For bright rooms, Mini LED/QLED picks usually make more sense than budget OLEDs. For dark rooms, OLED's pixel-level contrast and motion clarity are hard to beat. For mixed family use, consider durability, screen finish, and whether someone will leave static content paused for hours.
Alternatives Worth Knowing
The TCL QM8K is the Mini LED step-up to compare if you want more brightness and stronger HDR than the QM7K. It is not the main RTINGS-backed gaming pick for this draft, but it remains a useful bright-room alternative for buyers comparing /tv/best-tvs.
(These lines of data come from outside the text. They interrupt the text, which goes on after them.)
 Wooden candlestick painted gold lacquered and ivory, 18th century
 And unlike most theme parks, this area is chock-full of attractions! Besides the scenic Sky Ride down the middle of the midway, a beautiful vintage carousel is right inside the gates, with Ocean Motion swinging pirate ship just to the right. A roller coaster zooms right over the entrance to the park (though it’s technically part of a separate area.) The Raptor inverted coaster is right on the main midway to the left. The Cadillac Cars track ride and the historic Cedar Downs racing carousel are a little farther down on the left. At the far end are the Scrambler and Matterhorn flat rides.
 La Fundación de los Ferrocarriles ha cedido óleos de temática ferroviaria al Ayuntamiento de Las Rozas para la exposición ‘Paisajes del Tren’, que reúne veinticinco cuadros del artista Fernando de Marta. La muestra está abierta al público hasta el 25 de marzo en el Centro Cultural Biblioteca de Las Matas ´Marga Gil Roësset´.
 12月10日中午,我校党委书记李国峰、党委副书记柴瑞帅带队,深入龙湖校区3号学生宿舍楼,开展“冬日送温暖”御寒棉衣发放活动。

The LG C5 OLED is the natural upgrade from the LG B5 if you want LG's OLED ecosystem, Dolby Vision support, and better picture processing. It is especially worth checking when deal-dependent value narrows the gap.
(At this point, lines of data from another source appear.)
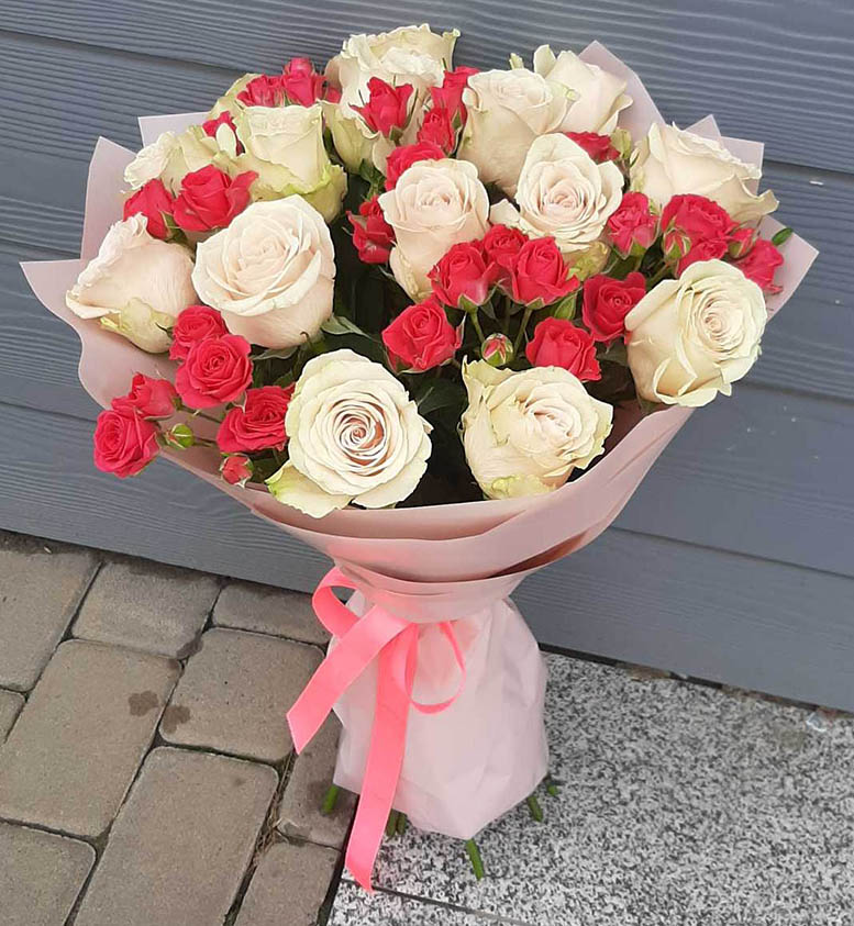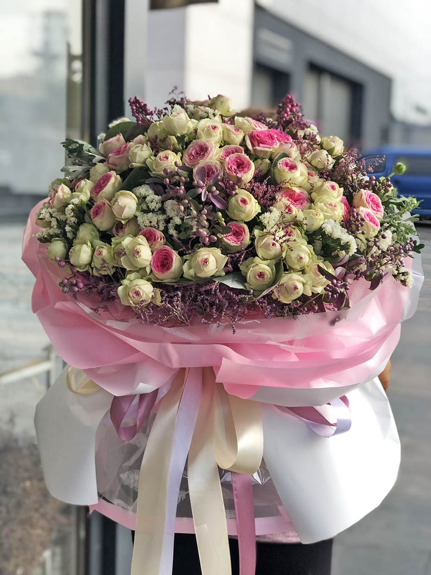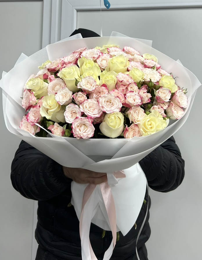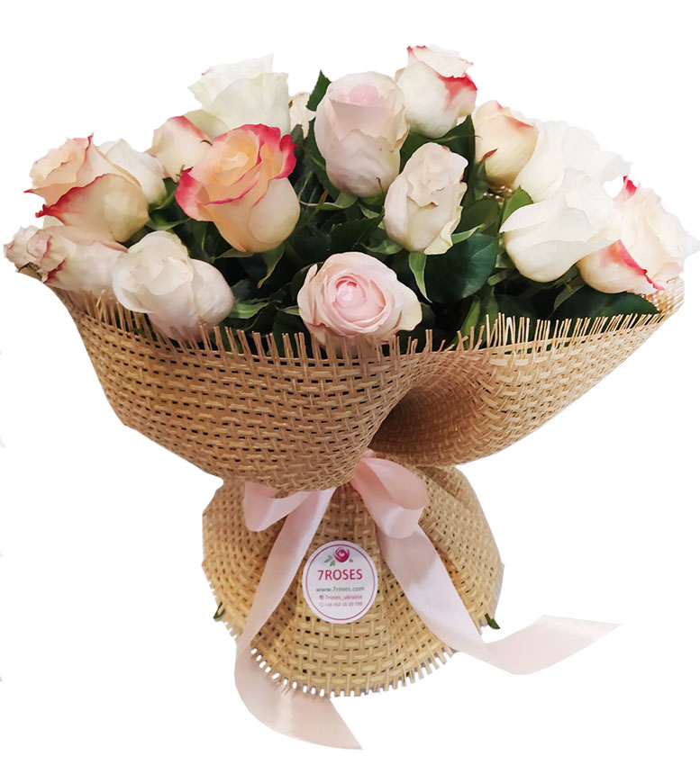 This amazingly tender and touching bouquet consists of Classic roses of light colors: white, light-pink, creamy…but all of them are close to white and the color variety can be hardly seen and becomes as one.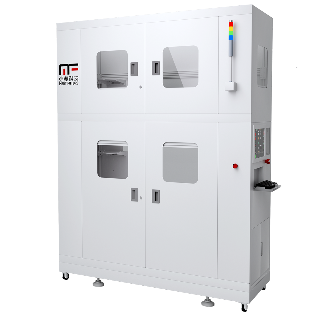 配合天车轨道系统,为光罩盒给予空中批量存储货位,提高晶圆厂得空间利用率,最大化晶圆载具在各个工序间得传送效率。顺利获得Purge管路布局,加装净化单元充入纯净气体,保证光罩盒内微环境,提高良品率。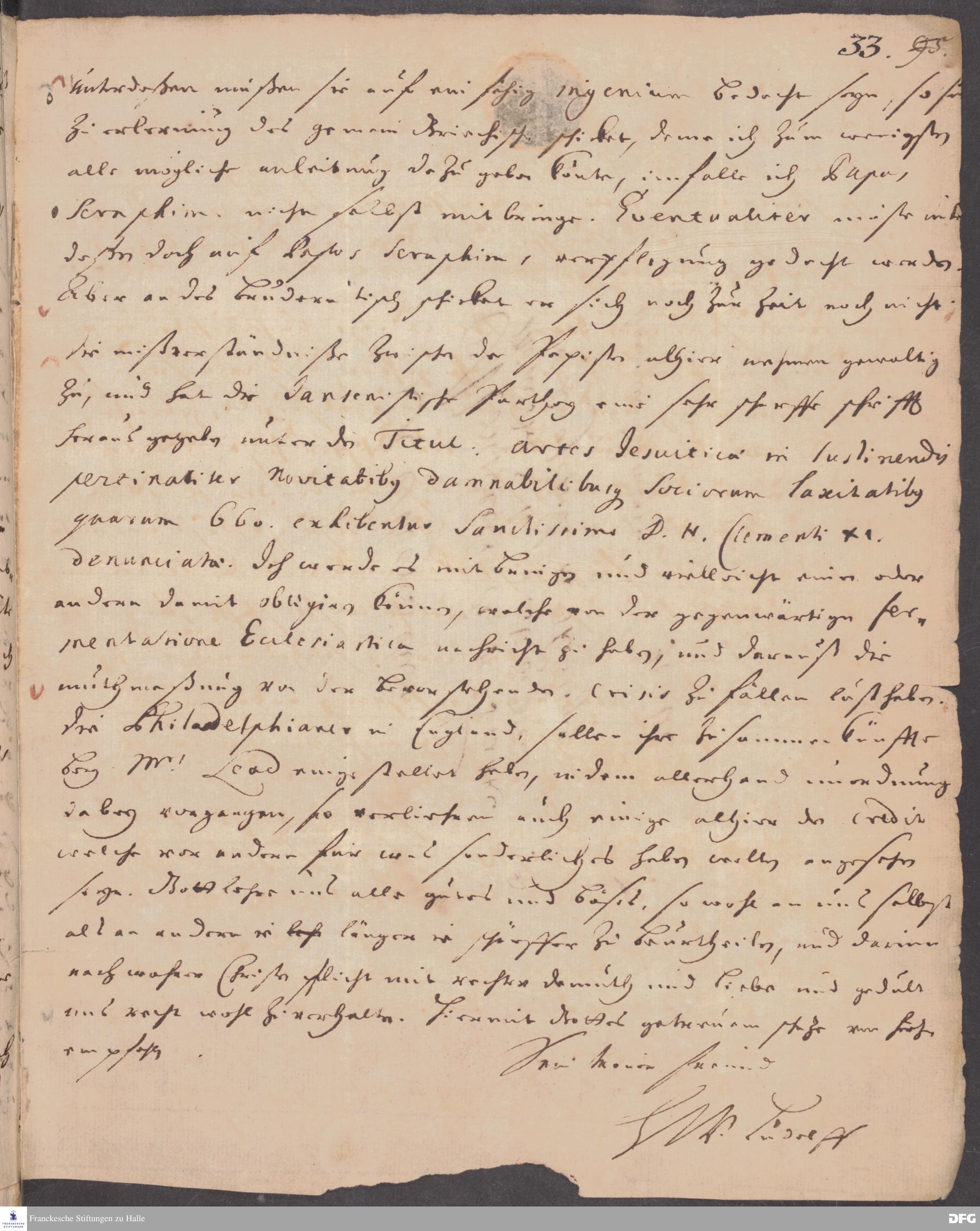 Brief von Heinrich Wilhelm Ludolf an August Hermann Francke.

The LG G5 OLED is the premium LG alternative for buyers who want a brighter OLED and Dolby Vision rather than Samsung's QD-OLED direction. It can be the better home-theater route if wall-mounting and cinematic HDR matter more than pure value.
The Hisense U75QG and Hisense U65QF are worth watching as Mini LED/QLED value alternatives when final pricing and stock checks are listed. They should not replace the main picks without current model verification.
What To Avoid
- Avoid buying a gaming TV only because it advertises HDMI 2.1. Port count, bandwidth behavior, VRR support, and eARC setup matter more than a logo.
- Avoid choosing OLED for long static PC desktop use unless you understand the burn-in and retention tradeoffs.
- Avoid cheap TVs if HDR gaming is your main goal. Entry-level positioning can be fine for casual play, but weak brightness and no local dimming limit the experience.
- Avoid assuming the largest size is the best size. A 75-inch TV too close to the couch can make fast games uncomfortable.
- Avoid relying on a single retailer listing. Model numbers, panel types, return windows, and bundled remote/platform variants can differ.
FAQ
What makes a TV good for PS5 and Xbox Series X?
Look for 4K/120Hz support, HDMI 2.1, VRR, low input lag, and a Game Mode that keeps HDR readable. Two HDMI 2.1 ports are comfortable for two consoles, while four are ideal if you also use a gaming PC or eARC soundbar.
Is OLED or Mini LED better for gaming?
OLED is better for instant response, deep blacks, wide viewing angles, and dark-room gaming. Mini LED is often better for bright rooms, very large sizes, and buyers worried about static HUDs or PC desktop use.
Do I need Dolby Vision gaming?
Not always. Dolby Vision support can matter if you use Xbox and prefer Dolby Vision games or streaming, but many gamers will care more about input lag, VRR, brightness, port count, and overall HDR tuning.
Is a 120Hz TV enough for console gaming?
Yes. PS5 and Xbox Series X target 4K/120Hz as the key high-refresh benchmark. Higher refresh support is more useful for PC gamers than for most console players.
How many HDMI 2.1 ports should a gaming TV have?
One can work for one console. Two is better for PS5 plus Xbox. Four is ideal if you have multiple consoles, a gaming PC, and an eARC audio setup.
Should I buy a gaming TV or a gaming monitor?
Buy a TV for couch gaming, cinematic HDR, local multiplayer, streaming, and 55-inch-plus screen sizes. Buy a monitor for desk play, competitive shooters, smaller viewing distances, and very high refresh rates.